HIV/AIDS represents a significant threat to the well-being and safety of children, who become vulnerable long before an HIV-positive parent or caretaker dies. The need for society to provide care, support and educational opportunities for increasing numbers of these children is a significant challenge for communities. Working with the Ministry of Women Affairs and Child Welfare, faith-based and non-governmental organizations, USAID aims to strengthen coping mechanisms of children and their caregivers throughout Namibia.
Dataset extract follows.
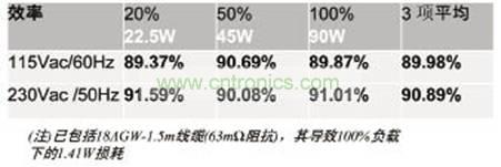 表2 19V/90W輸出的適配器效率表現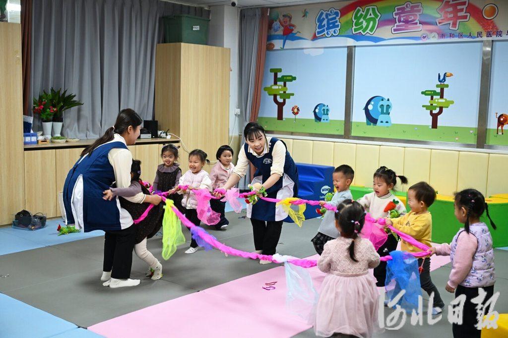 11月24日,邢台市南和区人民医院早托一体中心保育师带领孩子们做游戏。河北日报记者 赵永辉 摄

USAID programs reach approximately 75,000 orphans and vulnerable children or caregivers directly with community care and economic strengthening activities, including vocational training; village savings groups; and child health, educational, and psychosocial support. More than 500 local faith-based congregations receive USAID assistance through small grants for community projects. At the national level, USAID supports the Orphans and Vulnerable Children Permanent Task Force and provides technical assistance to the Orphans and Vulnerable Children Trust Fund.

Infectious Diseases

Tuberculosis

In sub-Saharan Africa where HIV-TB co-infection rates are high, improving TB control is a critical part of the fight against HIV/AIDS. Over the last eight years, USAID supported the Ministry of Health and Social Services, National TB Control Program. Our support to TB programs focuses on increasing access to quality care and building the capacity of host country systems. This financial and technical support enabled Namibia to achieve the World Health Organization global targets of 70 percent case detection rate and 85 percent treatment success rate.

Health Systems

In line with the Global Health Initiative and the second phase of PEPFAR, USAID’s programming is making the transitioning from an emergency response to long-term system strengthening. We use an integrated approach that allows host country partners, including the Government of Namibia and civil society, to mobilize resources and take ownership to manage their own activities. Capacity-building efforts include the areas of planning, financing, human resources and monitoring and oversight.